16


    Analysis of Internet Service Log Data to Assess the Level
          of Cyber-threats in the Corporate Network*

              Sergey Isaev[0000-0002-6678-0084], Dmitry Kononov[0000-0002-8757-5274]
                          and Andrey Malyshev[0000-0001-5669-1574]

                   Institute of Computational Modelling of the Siberian Branch
    of the Russian Academy of Sciences, 50/44 Akademgorodok, Krasnoyarsk, 660036, Russia
                                     ddk@icm.krasn.ru


         Abstract. The article describes log analysis of Internet services of the
         Krasnoyarsk Science Center (Russia). The importance of log analysis as a
         method to improve the effectiveness of network security is shown. Data sources
         are described. The study examines the following systems: Netflow IP traffic,
         intrusion prevention system, corporate mail server, web server. The log data
         was used to distinguish the frequency of events and to identify malicious
         behavior. The article describes security threats identified during the analysis of
         logs. The analysis results allow optimizing protection systems against network
         attacks. Measures taken to improve network security are presented.

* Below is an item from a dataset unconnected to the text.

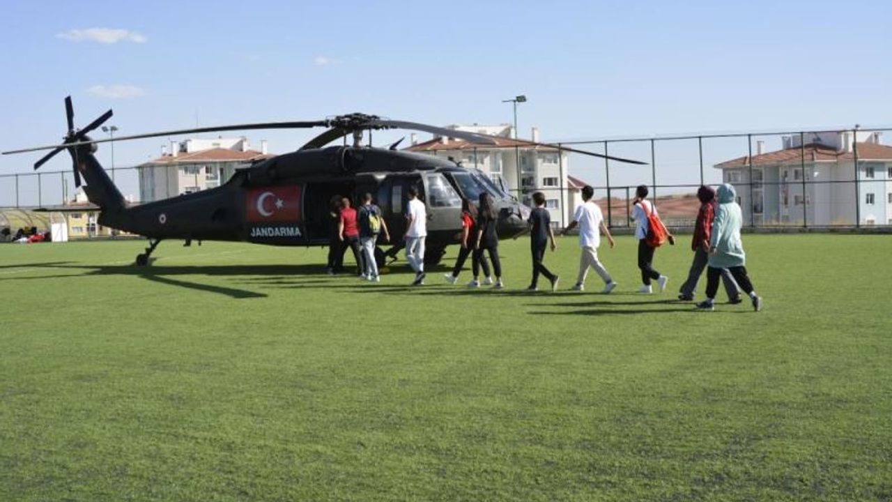 Burada yapılan kontroller ve teknik bilgilendirmelerin ardından aralarında şehit ve gazi çocuklarının da olduğu 100 öğrenci, Jandarma Genel Komutanlığına ait 2 helikopterle şehir turu attı.

         Keywords: Cyber-Threats, Security, Data Analysis, Log, Internet.


1        Introduction

Development of modern information technologies leads to increasing digitalization
level and active use of various Internet services for scientific and business processes.
The corporate network and services it provides become daily working tools, without
which the full functioning of the organization is impossible. In this regard, the tasks
of assessing the risks of cybersecurity and the level of cyber-threats for providing
adequate protection are becoming more and more relevant. An important aspect of
cybersecurity is the study of security logs [1]. Modern researchers use dynamic
methods of analysis since traditional approaches with static metrics may skip
intellectual low-frequency attacks [2]. An important parameter of a secure system is
the response time to information security incidents. Minimization of this parameter to
the extent of full attack prevention is described in [3]. Methods and algorithms of mail
spam resistance are actively developing [4]. To provide information security various
software is used: security scanners [5], complex security analysis systems [6], etc.
Thus, revealing new cyber-threat signs and analysis methods is an urgent problem.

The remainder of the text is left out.